There is a distinct benefit to common law trademark even if there is a subsequently registered USPTO trademark of the same name. As the first user of the trademark, common law rights may preserve a business’ right to continue to use the trademark in the geographic area, even if another business gets a nationwide federal registration for the same mark. However, common law trademark rights can be hard to enforce because there is no public record of common law trademarks to prove when use of the trademark began.
Federally Registered Trademark Rights
Registering a trademark with the USPTO is especially critical if the business is participating in e-commerce because it extends beyond the borders of the local geographic area, presumably throughout the world. The ubiquitous reach of the Internet makes it almost essential for a business to register a trademark with the USPTO. Most importantly, registering a trademark provides the following benefits:
- Makes the trademark easy to find in a competing business’ trademark availability search, thus preventing conflicts before they begin.
- Protects against registration of confusingly similar trademarks.

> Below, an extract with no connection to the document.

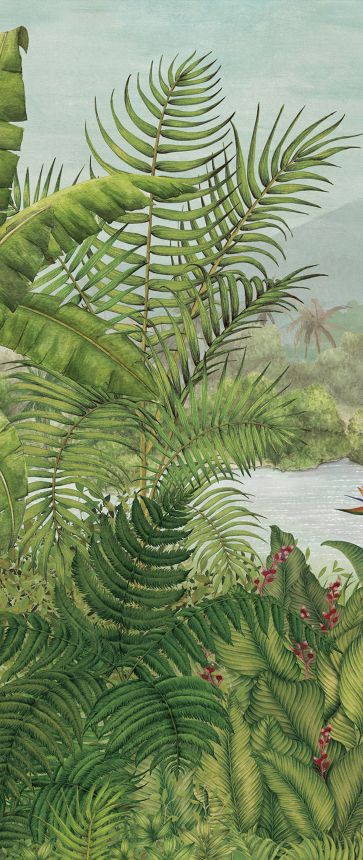 Vliesová obrazová tapeta s motivem tropického lesa a palem. Foto interiéru je pouze ilustrační Pro větší šířku lze kombinovat s fototapetami DG33RAI1032 a DG3RAI1033 - viz foto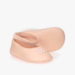Baby girls white pre-walker shoes by Dolce & Gabbana. Made in super soft leather, with a matt white DG logo on the front, they fasten with a velcro strap.

- Provides nationwide notice of ownership of the trademark as of the registration date, thus preventing others from claiming their subsequent use of the mark was in “good faith.”
- Grants the right to use the ® symbol (unregistered marks can only use “TM”), which gives products more marketing cachet and puts competitors on notice.
- Grants the right to sue in federal court and, in certain cases, recover treble damages and attorney fees.
- Provides for statutory damages in the case of counterfeiting.
- Provides a basis for foreign trademark registrations, thus extending protection of the trademark worldwide.
- Empowers US Customs and Border Protection to block imports that infringe the trademark or are counterfeits.
Conflicting Business Names
Encountering another business with the same or similar name is not that unusual (e.g., Delta Airlines and Delta Faucets). How such a conflict is resolved could depend on many factors, including: (1) whether the other business is in the same industry; (2) whether the other business is in the same geographical market; (3) which business was using the name first; (4) who registered the trademark first with the USPTO; and (5) whether either business name is considered “famous.”
It is entirely possible for two businesses to operate under the same or similar names. The guiding principle under US trademark law is consumer confusion. If the two names identify different products and operate in different markets, consumers are not likely to be confused in choosing between the businesses.
In the US, the first to use the name in business secures certain rights, even if another business ultimately registers that name with the USPTO. If one business starts using the name first, but the other business registered with the USPTO first, the first business still has the right to use the name, but only in the market it was operating in at the time the other business registered the name. Thus, there is basically no right to expand the market beyond that initial market. The business who registered the name with the USPTO has priority everywhere else and can prevent anyone from using the mark in new areas.
Intent to Use Trademark Filing
In some situations a business may have selected the perfect name for its business, but isn’t quite ready to begin business operations. Remember that in order to file with the USPTO, the business must be using the name in business. The USPTO provides an option called the “intent to use” trademark application which is used essentially as a placeholder for the business name.
It may be a good idea in some situations to file an “intent to use” application with the USPTO. If an “intent to use” application is filed and someone else begins to use the same or similar business name, the rights of the “intent to use” filing business are protected. Thus, “intent to use” applications are an important part of putting together a viable business plan and protecting interests during the process.
There is significant value in registering a business name with the USPTO. First, the due diligence conducted prior to registration will ensure that the business name will not infringe upon existing business names that have been registered. Second, registration with the USPTO provides a business with significant and substantial legal protections. Third, formal intellectual property protection only strengthens the value of the business name, thus increasing the value of the business itself. Any business serious on protecting itself should register the business name and/or logo with the USPTO.